Parallelizing tasks in Node.js Parallelizing tasks in Node.js multithreading multithreading

Parallelizing tasks in Node.js


How do I make this be actually parallel?

First, you won't really be running in parallel while in a single node application. A node application runs on a single thread and only one event at a time is processed by node's event loop. Even when running on a multi-core box you won't get parallelism of processing within a node application.

That said, you can get processing parallelism on multicore machine via forking the code into separate node processes or by spawning child process. This, in effect, allows you to create multiple instances of node itself and to communicate with those processes in different ways (e.g. stdout, process fork IPC mechanism). Additionally, you could choose to separate the functions (by responsibility) into their own node app/server and call it via RPC.

What is the thing done typically by async code to not block the caller (when working with NodeJS)? Is it starting a child process?

It is not starting a new process. Underneath, when async.parallel is used in node.js, it is using process.nextTick(). And nextTick() allows you to avoid blocking the caller by deferring work onto a new stack so you can interleave cpu intensive tasks, etc.

Long story short

Node doesn't make it easy "out of the box" to achieve multiprocessor concurrency. Node instead gives you a non-blocking design and an event loop that leverages a thread without sharing memory. Multiple threads cannot share data/memory, therefore locks aren't needed. Node is lock free. One node process leverages one thread, and this makes node both safe and powerful.

When you need to split work up among multiple processes then use some sort of message passing to communicate with the other processes / servers. e.g. IPC/RPC.


For more see:

Awesome answer from SO on What is Node.js... with tons of goodness.

Understanding process.nextTick()


Asynchronous and parallel are not the same thing. Asynchronous means that you don't have to wait for synchronization. Parallel means that you can be doing multiple things at the same time. Node.js is only asynchronous, but its only ever 1 thread. It can only work on 1 thing at once. If you have a long running computation, you should start another process and then just have your node.js process asynchronously wait for results.

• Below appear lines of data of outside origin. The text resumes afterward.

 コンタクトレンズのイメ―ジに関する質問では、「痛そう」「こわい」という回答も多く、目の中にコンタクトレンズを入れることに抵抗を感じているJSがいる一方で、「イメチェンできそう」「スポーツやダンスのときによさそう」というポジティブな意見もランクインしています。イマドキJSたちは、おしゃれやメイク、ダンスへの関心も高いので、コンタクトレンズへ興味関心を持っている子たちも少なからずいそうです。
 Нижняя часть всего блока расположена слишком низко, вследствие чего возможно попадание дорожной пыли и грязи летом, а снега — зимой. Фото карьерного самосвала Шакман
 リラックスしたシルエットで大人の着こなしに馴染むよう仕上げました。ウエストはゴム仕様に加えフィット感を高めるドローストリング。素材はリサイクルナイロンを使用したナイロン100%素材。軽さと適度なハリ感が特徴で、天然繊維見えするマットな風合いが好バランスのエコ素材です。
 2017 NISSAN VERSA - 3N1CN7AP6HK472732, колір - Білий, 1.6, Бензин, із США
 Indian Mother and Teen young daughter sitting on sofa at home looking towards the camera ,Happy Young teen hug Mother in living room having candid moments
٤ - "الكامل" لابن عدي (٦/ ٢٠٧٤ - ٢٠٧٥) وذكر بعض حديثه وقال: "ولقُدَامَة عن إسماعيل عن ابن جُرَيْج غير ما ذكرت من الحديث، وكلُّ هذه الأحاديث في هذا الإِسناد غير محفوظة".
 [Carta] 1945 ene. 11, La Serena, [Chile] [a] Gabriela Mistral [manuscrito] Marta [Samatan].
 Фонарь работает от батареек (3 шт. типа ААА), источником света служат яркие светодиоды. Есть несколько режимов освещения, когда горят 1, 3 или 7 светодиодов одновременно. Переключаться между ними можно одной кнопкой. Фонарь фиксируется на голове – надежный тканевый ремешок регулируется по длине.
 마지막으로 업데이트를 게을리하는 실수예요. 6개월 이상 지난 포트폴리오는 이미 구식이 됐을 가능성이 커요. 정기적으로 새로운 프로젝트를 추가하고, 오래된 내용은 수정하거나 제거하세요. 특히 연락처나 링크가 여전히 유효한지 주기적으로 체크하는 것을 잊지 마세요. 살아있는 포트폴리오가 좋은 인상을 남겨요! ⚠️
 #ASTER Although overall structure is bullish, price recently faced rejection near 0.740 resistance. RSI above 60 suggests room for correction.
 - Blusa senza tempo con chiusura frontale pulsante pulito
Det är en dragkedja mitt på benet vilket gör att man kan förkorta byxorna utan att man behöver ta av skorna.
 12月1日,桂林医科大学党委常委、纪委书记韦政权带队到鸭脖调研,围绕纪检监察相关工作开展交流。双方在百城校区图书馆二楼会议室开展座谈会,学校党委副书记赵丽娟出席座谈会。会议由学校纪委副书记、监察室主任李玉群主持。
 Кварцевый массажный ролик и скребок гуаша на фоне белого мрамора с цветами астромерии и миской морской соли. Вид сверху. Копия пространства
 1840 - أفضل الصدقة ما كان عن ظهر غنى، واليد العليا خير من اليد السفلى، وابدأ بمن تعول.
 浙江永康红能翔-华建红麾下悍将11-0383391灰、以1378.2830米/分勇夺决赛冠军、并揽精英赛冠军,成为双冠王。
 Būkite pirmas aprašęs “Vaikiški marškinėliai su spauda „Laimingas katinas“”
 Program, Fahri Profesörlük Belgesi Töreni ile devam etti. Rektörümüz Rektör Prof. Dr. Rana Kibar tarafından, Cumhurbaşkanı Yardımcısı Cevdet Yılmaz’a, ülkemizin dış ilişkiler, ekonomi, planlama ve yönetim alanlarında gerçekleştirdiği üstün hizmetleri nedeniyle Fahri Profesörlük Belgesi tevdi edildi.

To do this you could use child_process.spawn and then read data from stdin.

http://nodejs.org/api/child_process.html#child_process_child_process_spawn_command_args_options

var spawn = require('child_process').spawn;var process2 = spawn('sh', ['./computationProgram', 'parameter'] );process2.stderr.on('data', function (data) {    //handle error input});process2.stdout.on('data', function (data) {    //handle data results});


Keep in mind I/O is parallelized by Node.js; only your JavaScript callbacks are single threaded.

Assuming you are writing a server, an alternative to adding the complexity of spawning processes or forking is to simply build stateless node servers and run an instance per core, or better yet run many instances each in their own virtualized micro server. Coordinate incoming requests using a reverse proxy or load balancer.

You could also offload computation to another server, maybe MongoDB (using MapReduce) or Hadoop.

To be truly hardcore, you could write a Node plugin in C++ and have fine-grained control of parallelizing the computation code. The speed up from C++ might negate the need of parallelization anyway.

You can always write code to perform computationally intensive tasks in another language best suited for numeric computation, and e.g. expose them through a REST API.

Finally, you could perhaps run the code on the GPU using node-cuda or something similar depending on the type of computation (not all can be optimized for GPU).

Yes, you can fork and spawn other processes, but it seems to me one of the major advantages of node is to not much have to worry about parallelization and threading, and therefor bypass a great amount of complexity altogether.